Font Size:  

“I know you have, but if Allison is who you want, shouldn’t that be your reward?”

Her words make sense. My mother’s words always make sense anyway, no matter what the subject matter is. This is no different, and I said that’s what I was going to do when Allison was gone. I was going to claim her and keep her for myself. Make her my wife. But I was a liar.

I am a liar.

Those were words both thought and spoken in the height of panic.

Now that the dust has settled, I don’t know if that’s what I should do. Allison is still who I want, but I’m not sure if I should have her as my wife or try to keep her as my mistress instead. Having her as my mistress would solve a hell of a lot of my problems, except the big one. I don’t want her as my mistress. I want her as my wife.

Fuck.

I am not ready for any of this shit. It’s clear to me that I should be waiting to make any kind of decision. Maybe I should just table this all until I turn thirty, like my brothers. If my dad lets me. Because if I were ready, the answers would be clear as goddamn day.

Wouldn’t they?

Seven years is a long time to wait to make a decision, though, and I’m thinking Allison isn’t going to play house for that long with me. Sure, she’s having fun now, we both are. But what happens in a few years?

My brothers knew exactly who they wanted and how they wanted their women. They didn’t fucking waffle back and forth like me. They were firm in their decisions. But now I’m realizing that they were also older than me by several years.

Maybe it’s an age thing?

Goddamn, I’m a fucking asshole.

Why can’t I just take this woman I so desperately want and keep her for myself? Does it really matter that she’s been with other people? It doesn’t to me. I couldn’t give a fuck less about her hymen. I’m not an angel by any means. I can’t expect her to be one either.

“Probably,” I murmur, answering my mother’s question. “But it’s not that easy.” My mother arches a brow as she looks directly at me. She doesn’t believe me, which is cute because she knows exactly what the hell I’m saying. “Dad would never approve,” I say.

“And your father must approve,” she says.

“Yeah,” I sigh.

She nods a couple of times, writing something down in her notebook.
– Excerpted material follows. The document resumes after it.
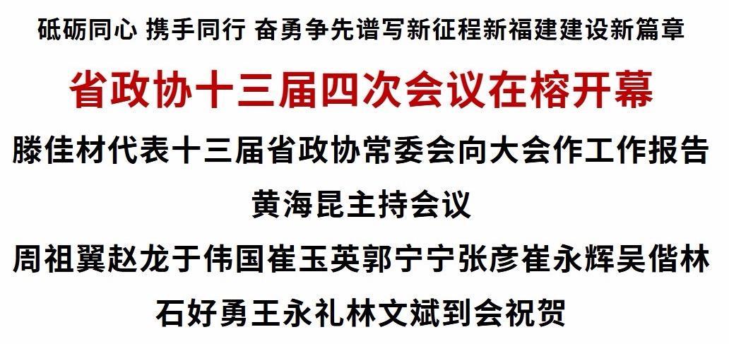 凝心聚力促发展,同心筑梦绘蓝图。1月26日上午,省政协十三届四次会议在福州开幕。

I hate that she keeps a notebook on me, and I’m half tempted to break into her office again in the middle of the night and burn the sonofabitch.

I think I might anyway.

Fuck that notebook.

“Do you think you’re rushing the ending?” she asks.

“Ending?” I ask.

“Your brothers have just gotten married. They’re having children. Maybe you’re rushing things to get to that when it’s not your time yet?”

I don’t tell her that I was possibly thinking the same thing, because when I really take the rest of the factors into consideration, time isn’t going to magically solve this for me. I know how I felt when Allison was kidnapped. I know that I wanted her, that I wanted to keep her. But at the end of the day, I know that if I do keep her, I’m shitting on everything the family stands for.

So, the conundrum stands the same.

“Hendrick,” my mother calls out.

Lifting my head, I glance up at her. I’m not sure if she’s looking at me through Doctor Hamilton’s eyes or my mom’s, but I can see the sadness in her gaze as she watches me for a long moment. She gives me a sad smile before she stands from her seat.

This is my mother, not the doctor.

She moves across the room and sinks down beside me on the sofa before she reaches out and wraps her fingers around my hand, squeezing me. Sucking in a breath, I hold it as I wait for her to say whatever it is that’s on her mind.

“Sometimes, the best decisions we have to make as people are the hardest ones.”

I blink a couple of times, waiting for her to continue. She doesn’t. It seems like that’s all she wanted to say. Laughing, I shake my head a couple of times. I can’t believe she’s just going to leave it wide as fuck open like that. But that’s my mom.